◆ **Exercise prompt**:
Search the entries below for "Слайд 66.Наличие и". Give that line and all the lines after it again, exactly, through the last, without pictures.
Start of Task input
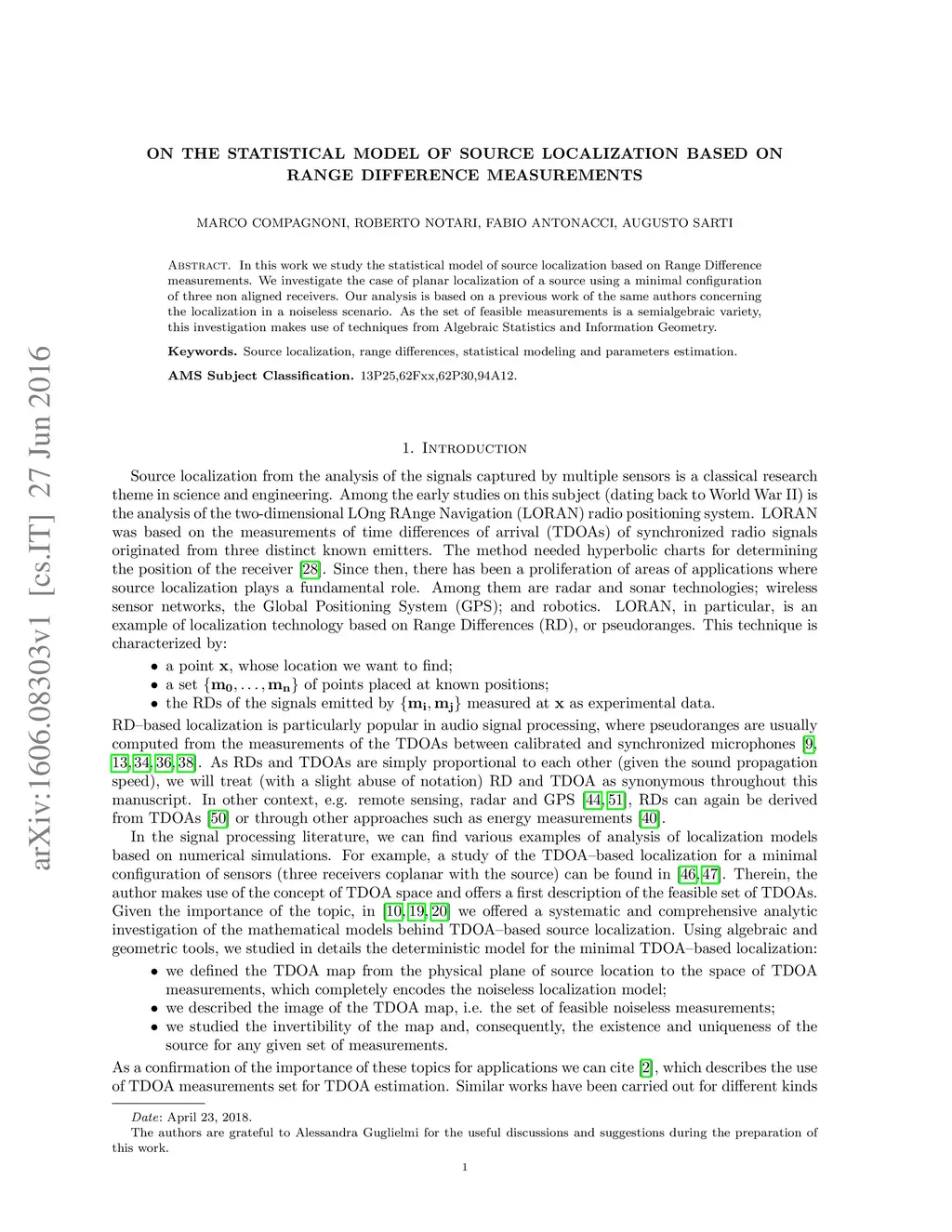In this work we study the statistical model of source localization based on Range Difference measurements. We investigate the case of planar localization of a source using a minimal configuration of three non aligned receivers. Our analysis is based on a previous work of the same authors concerning the localization in a noiseless scenario. As the set of feasible measurements is a semialgebraic variety, this investigation makes use of techniques from Algebraic Statistics and Information Geometry.
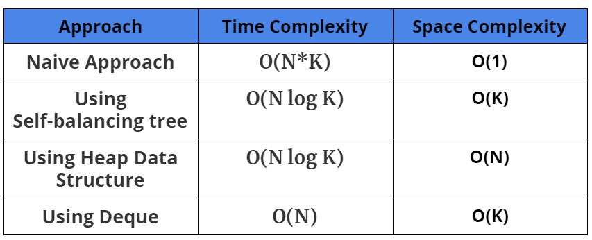 We can use a double-ended queue to keep only the indices of those elements which are useful. The use of deque is to add and drop elements from both the ends of a queue. We will slide the window of K elements by “dropping” the first element and “adding” the next element after the window to move it forward.
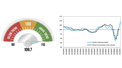 The Goods Barometer is a composite leading indicator for world trade, providing real-time information on the trajectory of merchandise trade relative to recent trends. The barometer’s current reading of 109.7 is nearly 10 points above the baseline value of 100 for the index and up 21.6 points year-on-year, reflecting both the strength of the current recovery and the depth of the COVID-19 shock last year.
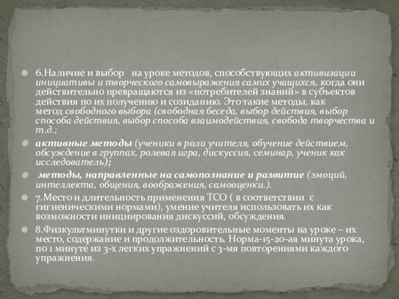 Слайд 66.Наличие и выбор на уроке методов, способствующих активизации инициативы и творческого
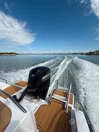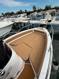 Musone a ribalta, cuscineria completa, tavolino, prolunga prendisole di prua, consolle ribaltabile, luci di navigazione, pompa di sentina, presa usb, serbatoio acqua con doccia, serbatoio benzina da 90 lt, scaletta bagno, volante con timoneria meccanica, 4 bitte, serie completa corrimano inox.
End of Task input
◆ **Exercise answer**:
 Слайд 66.Наличие и выбор на уроке методов, способствующих активизации инициативы и творческого
 Musone a ribalta, cuscineria completa, tavolino, prolunga prendisole di prua, consolle ribaltabile, luci di navigazione, pompa di sentina, presa usb, serbatoio acqua con doccia, serbatoio benzina da 90 lt, scaletta bagno, volante con timoneria meccanica, 4 bitte, serie completa corrimano inox.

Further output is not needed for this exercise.